Doctors here said they were unaware of patients in the Buffalo area being turned away for treatment but noted that the payment cuts for administering expensive chemotherapy remain a threat to be concerned about if Congress and the White House fail to act.

The potential for disruption is serious because many cancer patients are covered by Medicare, the federal health program for individuals 65 and older.

Medicare cut payments for cancer care services and drugs by 2 percent. Medicare reimburses for outpatient chemotherapy based on an average sales price for the medications and an additional services payment of 6 percent for administrative costs associated with handling, storage, preparation, administration and disposal of the drugs.

Current Medicare payments at many cancer clinics do not fully reimburse the cost of the treatment, and the sequestration cuts will only make things worse, according to the advocacy groups.

The American Society of Clinical Oncology and other groups in a recent letter asked Health and Human Services Secretary Kathleen Sebelius to exempt cancer drugs from the sequestration cuts. But it’s unclear what will happen.
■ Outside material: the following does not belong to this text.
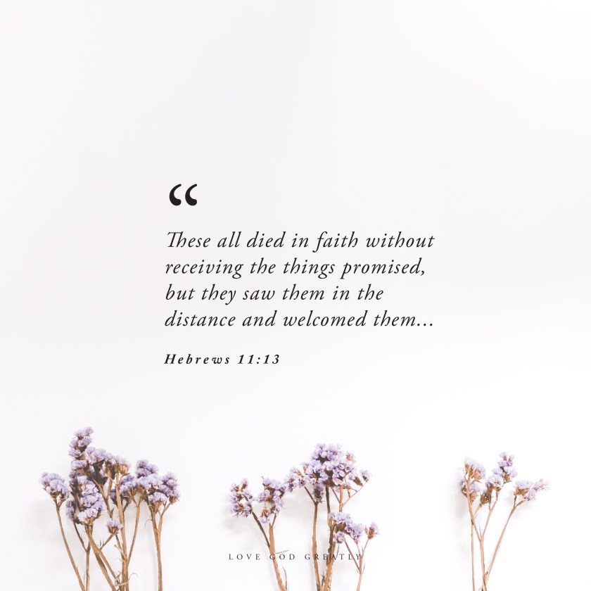 13 These all died in faith without receiving the things promised, but they saw them in the distance and welcomed them and acknowledged that they were strangers and foreigners on the earth. ... 21 By faith Jacob, as he was dying, blessed each of the sons of Joseph and worshiped as he leaned on his staff.  NLT

Meanwhile, cancer specialists here said medical practices are reluctant to make major changes to infusion treatment policies in the hope that lawmakers will eventually take action to reverse the cuts, which are likely to be felt more acutely later in the spring as Medicare pays claims at the lower rate.

“The problem for oncology practices is that they have large fixed costs for obtaining these medications. Because the Medicare payment is based on the average sales price, many practices are already operating underwater or with razor-thin margins. It’s a crazy business model,” said Dr. Robert Zielinski, an oncologist at the Buffalo Medical Group.

The Buffalo Medical Group is one of the region’s largest providers of oncology care, as are Roswell Park and Century Medical Associates/CCS Oncology.

Zielinski said Buffalo Medical Group is better positioned than smaller groups to weather the storm, at least temporarily, because it has reasonably good purchasing arrangements for the expensive cancer drugs commonly used by patients.

“We’ve decided to hang in there – watch and wait – hoping this is temporary,” he said. “If it’s not, we would have to re-examine our contractual arrangements.”

The impact is most likely to hit hardest among smaller oncology groups and, as has been happening nationwide in recent years, could lead to more closures and consolidations of oncology groups.

“You are probably going to see the continual contraction of availability of providers,” Zielinski said.

Roswell Park is similarly hopeful that sequestration’s cuts to Medicare, which amount to a $2 million loss at the cancer center, will be addressed in some way.

“The cuts will impact community oncologists more than us because we’re a big institution that can move things around so that we take the financial hit elsewhere. The community oncologists don’t have that luxury,” said Johnson.

However, Roswell Park may not be able to accommodate an influx of patients if the Medicare cuts turn out to eventually restrict services, she said.

“We have increased our capacity [in recent years], but there is a limit to how many patients we can handle,” Johnson said.